PDF web optimisation (fast document loading) - AtoM-AHG setup

Why

Large PDFs - especially scanned ones (e.g. 8 pages at ~26 MB/page = 200 MB+) - open slowly because the master is not linearized ("fast web view" off) and each page is a full-resolution scan image. On a digital-object show page the page-1 thumbnail links straight to the master, so clicking it makes the browser pull the whole 200 MB file before showing anything.

The AHG plugins fix this by generating a web-optimized sibling next to the master on disk: the embedded scan images are downsampled to a screen-sensible DPI and the file is linearized. A 200 MB scan typically becomes a few MB and opens page-1-fast. The viewer's click-through link points at the sibling when it exists.

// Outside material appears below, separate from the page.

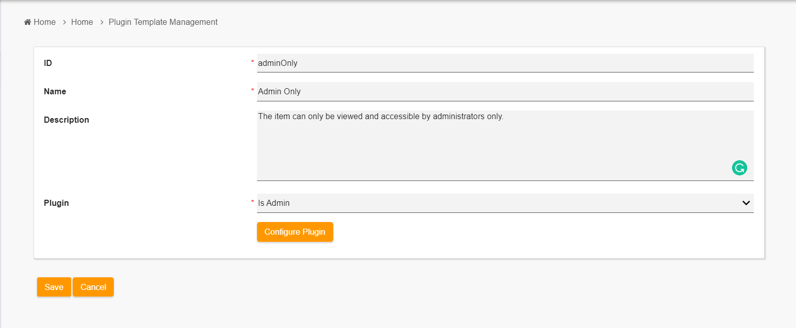 2. Fill up the Plugin Template Management Page accordingly and for the "Plugin" field choose any one of the formatter under Userview Permission or Form Permission . The is Admin is chosen for the Plugin field. (See Figure 2)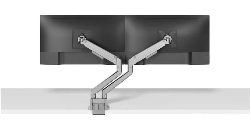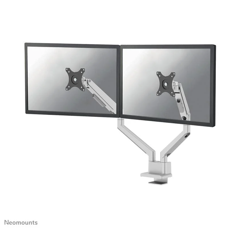 Brat dublu monitor Neomounts DS70-250SL2; pentru display-uri cu diagonale 17″-32″, sistem de prindere VESA 75×75~100×100, greutate maxima suportata 9 – per ecrankg, full motion, tilt +45°, swivel 90°, rotate 180°; gas spring; culoare argintiu. Garantie 5 ani

This is the twin of the Heratio (Laravel) ahg:optimize-pdfs feature. It is plugin-only - no AtoM base (apps/qubit/...) changes - and the master is never modified (it stays the download / preservation copy).

How it works

  • ahgWebPdf (in ahgCorePlugin/lib/) runs Ghostscript (downsample) + qpdf (linearize) and resolves the sibling URL for the viewer.
  • The sibling is written as <master-basename>.web.pdf in the same upload directory as the master. No database row is added - it is detected by filename.
  • ahgCorePlugin/.../digitalobject/templates/_showText.php (an AHG override of the base PDF thumbnail template) redirects its click-through link to the sibling when present; otherwise behaviour is unchanged.

One-time host setup

Install Ghostscript and qpdf:

sudo apt-get install -y ghostscript qpdf      # Debian/Ubuntu

Verify (the helper resolves them via command -v):

gs --version
qpdf --version

If they are missing, the task and the viewer no-op cleanly - nothing breaks.

Backfill existing documents

Dry-run first (touches nothing):

cd /usr/share/nginx/<atom-instance>
php symfony ahg:optimize-pdfs --min-mb=20

Apply (run as www-data so siblings land with the right ownership - never as root):

sudo -u www-data php symfony ahg:optimize-pdfs --commit --min-mb=20 --dpi=200

Options: --commit, --min-mb=20, --dpi=200 (150 = smallest, 300 = crisp), --max-ratio=0.8 (keep only if the sibling is at most this fraction of the master), --limit=0, --id=<digital_object id>. Idempotent - a master that already has a .web.pdf sibling is skipped, so it is safe to re-run.

Scheduling (optional)

AtoM uses system cron for tasks. Add an off-peak daily pass, e.g.:

10 3 * * *  www-data  cd /usr/share/nginx/<atom-instance> && php symfony ahg:optimize-pdfs --commit --min-mb=20 --dpi=200 >> /var/log/atom-optimize-pdfs.log 2>&1

Reversibility

Masters are never touched. To undo, delete the *.web.pdf files in the uploads tree - the viewer falls straight back to the master.